■ Aim of the exercise: The response must consist of each line in the listing that has the word "year" in it.

■ Available records:
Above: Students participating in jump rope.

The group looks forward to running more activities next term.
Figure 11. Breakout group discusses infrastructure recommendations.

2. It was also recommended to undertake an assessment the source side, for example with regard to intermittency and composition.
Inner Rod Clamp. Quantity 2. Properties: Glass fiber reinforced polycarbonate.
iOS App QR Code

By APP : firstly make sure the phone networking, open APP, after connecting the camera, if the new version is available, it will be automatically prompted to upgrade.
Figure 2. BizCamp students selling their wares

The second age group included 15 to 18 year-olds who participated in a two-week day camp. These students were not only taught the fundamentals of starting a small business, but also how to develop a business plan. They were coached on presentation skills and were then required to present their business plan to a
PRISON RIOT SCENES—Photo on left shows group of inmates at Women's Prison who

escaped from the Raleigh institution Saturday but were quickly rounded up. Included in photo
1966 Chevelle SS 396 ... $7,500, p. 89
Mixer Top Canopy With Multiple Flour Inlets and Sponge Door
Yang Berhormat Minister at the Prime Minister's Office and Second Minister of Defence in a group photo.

--

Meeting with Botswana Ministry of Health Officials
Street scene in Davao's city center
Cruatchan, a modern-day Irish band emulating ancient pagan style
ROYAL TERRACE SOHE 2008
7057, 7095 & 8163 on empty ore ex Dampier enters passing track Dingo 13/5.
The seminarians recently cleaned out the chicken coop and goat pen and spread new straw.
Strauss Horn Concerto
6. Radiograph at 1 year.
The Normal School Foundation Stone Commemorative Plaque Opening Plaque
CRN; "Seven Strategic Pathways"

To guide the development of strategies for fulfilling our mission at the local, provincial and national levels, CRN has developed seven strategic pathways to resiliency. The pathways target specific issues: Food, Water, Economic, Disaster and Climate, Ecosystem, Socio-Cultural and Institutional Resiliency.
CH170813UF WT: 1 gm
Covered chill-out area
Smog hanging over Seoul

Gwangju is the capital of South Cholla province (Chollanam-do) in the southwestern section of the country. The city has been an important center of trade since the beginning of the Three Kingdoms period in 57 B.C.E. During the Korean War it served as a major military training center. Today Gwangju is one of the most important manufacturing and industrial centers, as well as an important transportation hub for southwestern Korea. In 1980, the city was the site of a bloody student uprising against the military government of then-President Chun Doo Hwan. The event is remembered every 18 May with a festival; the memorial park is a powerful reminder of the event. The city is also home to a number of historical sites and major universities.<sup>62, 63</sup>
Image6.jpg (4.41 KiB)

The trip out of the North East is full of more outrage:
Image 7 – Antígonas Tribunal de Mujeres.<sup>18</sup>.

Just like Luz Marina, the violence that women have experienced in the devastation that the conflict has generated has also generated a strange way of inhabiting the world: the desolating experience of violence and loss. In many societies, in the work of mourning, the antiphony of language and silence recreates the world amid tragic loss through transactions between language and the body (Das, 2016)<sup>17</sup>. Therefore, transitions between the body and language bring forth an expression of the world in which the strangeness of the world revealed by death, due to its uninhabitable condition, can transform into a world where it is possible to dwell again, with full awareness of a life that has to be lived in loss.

■ Solved problem:
The second age group included 15 to 18 year-olds who participated in a two-week day camp. These students were not only taught the fundamentals of starting a small business, but also how to develop a business plan. They were coached on presentation skills and were then required to present their business plan to a
6. Radiograph at 1 year.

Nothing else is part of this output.